Das Ergebnis ist ein asymmetrisches Gehäuse, das irgendwo zwischen Calatrava und Cartier Crash angesiedelt ist, ohne den Eindruck zu erwecken, von einem der beiden abgeleitet zu sein. Der Mirage misst 42 mm von Lasche zu Lasche und ist 33,5 mm breit. Ich habe im März einen Prototyp anprobiert und die organischen Linien schienen sich ganz natürlich an mein Handgelenk anzupassen.

Abhängig von Ihrer Perspektive ist das Design des Mirage entweder Kunst neben Dali oder ein Calatrava, der nach ein paar Krügen Sangria aus der Bar wackelt. Für mich ist es durchdacht und zusammenhängend, aber das liegt daran, dass es mehr ist als nur ein Design, das den Trend zu geformten Uhren aufgreift. Typografie, Zifferblatt, Gehäuse und Uhrwerk sind alle Teil einer kohärenten Vision der Uhrmacherkunst, bei der Mechanik und Design einander dienen. Sogar die geschwungenen Brücken der massiven Unruh spiegeln die Linien des Gehäuses und des Zifferblatts wider.

Abgesehen vom Kaliber ist die Mirage komplett aus Gold gefertigt: Zifferblatt, Zeiger, Gehäuse und sogar die Federstege bestehen aus 18-karätigem Gold. Berneron sagt, er habe diese Entscheidung getroffen, nachdem er während der Entwicklung Feedback von Enthusiasten erhalten hatte. „Machen Sie keine Abstriche“, lautete der Ratschlag interessierter Enthusiasten.

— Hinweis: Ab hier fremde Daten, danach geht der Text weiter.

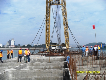 11月9日,廈門港嵩嶼二期項(xiàng)目部順利完成延長(zhǎng)段全部沉箱安裝工作,僅用了8天的時(shí)間,便將5件單件重量達(dá)2653噸的沉箱安裝成功,為該工程后續(xù)分項(xiàng)施工提供了有利的施工條件。
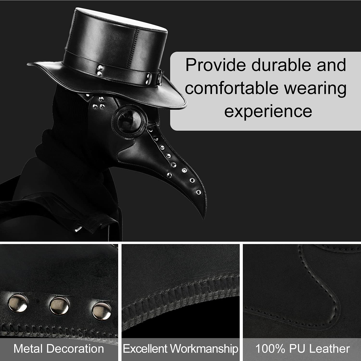 Benvenuti nel regno delle maschere del medico della peste. Abbiamo selezionato la maschera da medico della peste più alla moda, popolare e squisita sul mercato. Portali via per prepararti al carnevale della festa! Suggerimento: poiché le maschere sono tutte le più recenti, non i prodotti di riserva, quindi quando si riceve la maschera da medico della peste, potresti avere un odore di pelle, non preoccuparti, mettila nel luogo di ventilazione per due ore per risolvere Se l'obiettivo è nebbioso, puoi provare le seguenti soluzioni: 1. Applicare un agente antiappannamento o un dentifricio sull'obiettivo. 2. Lasciare un piccolo spazio sul mento; 3. È possibile inserire altre due prese d'aria intorno al mento. 4. Rimuovere le lenti (potrebbe essere un po' difficile e non facile da installare di nuovo, si prega di utilizzare con attenzione). Indossa questa maschera da medico della peste per trasformarti in un medico della peste. Rendi l'ospite il re della festa, è un ottimo regalo per te e la tua famiglia, amici, fidanzato o fidanzata.
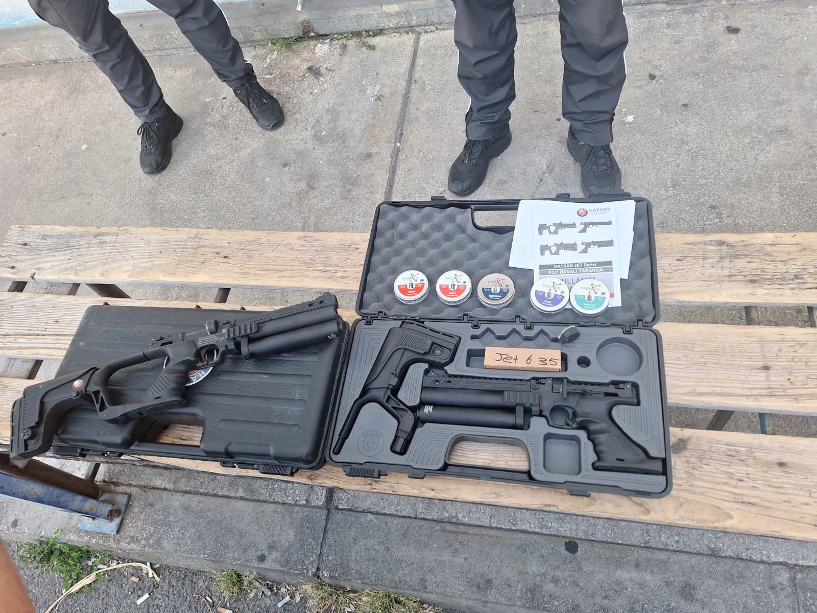 Tada su ispod prednjih sedišta pronađene dve kutije sa gasnim pištoljima ”Hatsan Jeet” kalibra 6,35mm, sa ukupno 10 kutija pripadajuće municije.
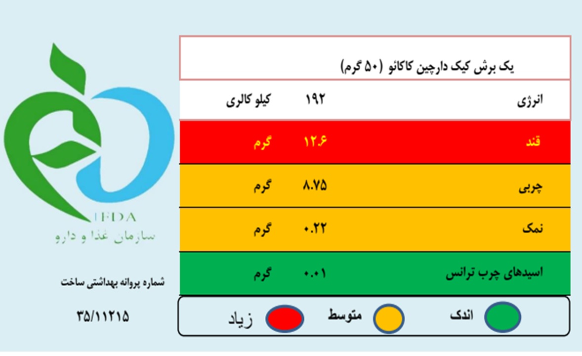- ترکیبات بر اساس پروانه ساخت: آرد گندم، شکر، شیر خشک بدون چربی، بیکینگ پودر، امولسیفایر E471، وانیل، نمک تصفیه خوراکی، دارچین، پودر کاکائو
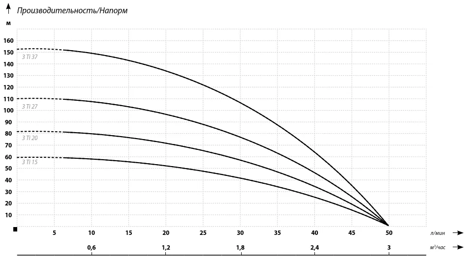 Графические характеристики насоса для скважины IBO 3Ti 37
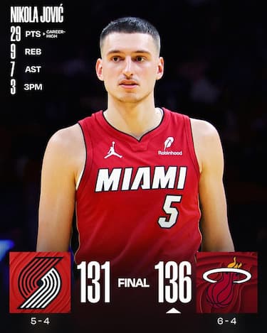 Partita ad alto punteggio a Miami, dove a spuntarla sono gli Heat guidati dal miglior Nikola Jovic della carriera: 29 punti, 9 rimbalzi e 7 assist uscendo dalla panchina, riuscendo così a sopperire alle assenze di Tyler Herro e Bam Adebayo. Simone Fontecchio chiude con 7 punti e 1 rimbalzo nei quasi 18 minuti in cui rimane in campo (2/4 da tre), aiutando comunque i suoi a superare i 33 punti realizzati da Deni Avdija per i Blazers
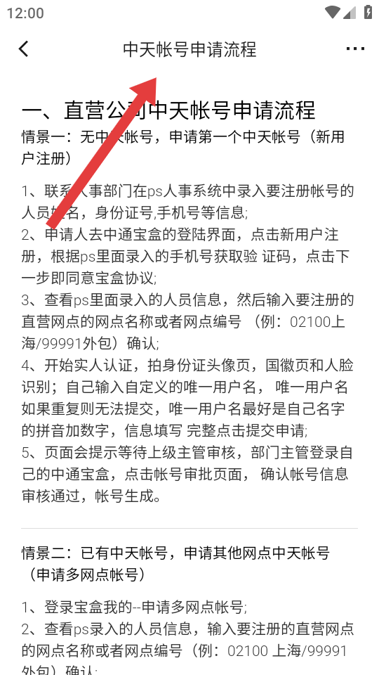 1、查看中天帳號申請流程,了解新用戶注冊、多網(wǎng)點帳號申請的步驟如人事系統(tǒng)錄入、寶盒注冊、實名認證等。

In 100 Jahren öffnet ein Uhrmacher meine Uhr – welches Gefühl soll er haben?“

– SYLVAIN BERNERON
„Als ich Berneron gründete, fragte ich mich: ‚Wenn ich 100 Jahre nach der ersten Armbanduhr komme, warum sollten sich die Leute dann dafür interessieren, was ich tue?‘“, sagt Berneron. „Wenn es sich nur um ein weiteres reines Zeitstück handelt, sollten sich die Leute einfach eine Patek oder Lange kaufen. Aber soweit ich weiß, ist dieser Ansatz, ein geformtes Uhrwerk in eine geformte Uhr zu integrieren, bei modernen Uhren einzigartig.“

Berneron bietet die Mirage in zwei Versionen an: in der Gelbgoldversion „Sienna“ und in der Weißgoldversion „Preußisch Blau“. Beide verfügen über ein von Sektorzifferblättern inspiriertes Layout mit einer von Berneron entworfenen Schriftart. Auch die goldenen Zeiger sind geschwungen; Aufgrund dieser unregelmäßigen Form können sie nicht mit den gleichen Werkzeugen wie für gerade Hände hergestellt werden und werden von Hand gefräst und poliert.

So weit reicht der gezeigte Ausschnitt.